Excerpts from the chicagotribune.com:

Aurora Fire Capt. Brandon Matson said firefighters and paramedics go on hundreds of emergency calls a year, but rarely do they hear back from the people they’ve taken to the hospital. So firefighters at Station 8 were surprised when they received a request from Aurora residents Lisa and Ted Yee, who wanted to bring them dinner to celebrate Lisa’s recovery from a crash a decade ago that left her with traumatic brain injury.

On Sept. 10, 2008, Lisa Yee was a passenger in a vehicle that was T-boned at Asbury Drive and New York Street in Aurora. Firefighters and paramedics from Station 8 responded to the crash, transporting her to Rush Copley Medical Center. She was later flown by helicopter to Loyola Medical Center in Maywood.
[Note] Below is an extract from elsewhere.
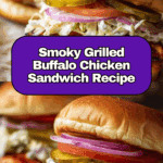 This Grilled Buffalo Chicken Sandwich recipe transforms the classic spicy Buffalo wings flavor into a healthier, smoky, and satisfying sandwich. Featuring marinated and grilled boneless skinless chicken breasts coated in a tangy buffalo sauce, layered with a crisp homemade grinder slaw, sliced tomatoes, and melty cheese on toasted brioche buns, it’s perfect for any occasion—from backyard barbecues to quick weeknight dinners.

Doctors had trouble explaining why Yee was in a coma for five days, telling her husband Ted that she should be awake, until later realizing it was due to traumatic brain injury that left her with epilepsy. When she awoke from the coma, she had lost about five years of memories.

She still doesn’t remember the accident happening and gets choked up each time she hears about it, adding that she thinks her brain blocks out the thought of it. With a fractured pelvis, four broken ribs, a lacerated liver, bruised lung and four cracked teeth, she stayed at Loyola for two months and later spent years in extensive physical therapy and rehab.

Now, she is a certified yoga instructor and volunteers teaching yoga at a shelter for veterans and also at Mutual Ground, a women’s shelter in Aurora.

Ted Yee told Matson the names of the people who helped Lisa, and Matson tracked down some of the retired ones, as well as firefighters who now work at other stations, and gathered them for dinner Monday.

“It means a lot to us,” Matson said. “I’ve met patients after the fact and it’s nice to see what happens and see a good outcome. We have all these calls, but sometimes you never know what happens after the fact.”

Until 2015, Lisa Yee had multiple seizures which Aurora paramedics responded to as well. Lisa Yee also received help from doctors at Northwestern Hospital who got her on some neurological drugs, and she has been seizure free for two and a half years.

“In this journey, we learned its crummy circumstances, but every time we got to a bad point, we got a break,” Ted Yee said. “We heard a nugget of information, there was a supporter who came out of nowhere, there was a professional who did their job. It just makes you grateful that as crappy as the situation is, we actually wound up being pretty darn lucky and we wanted to say thanks on this 10th anniversary.”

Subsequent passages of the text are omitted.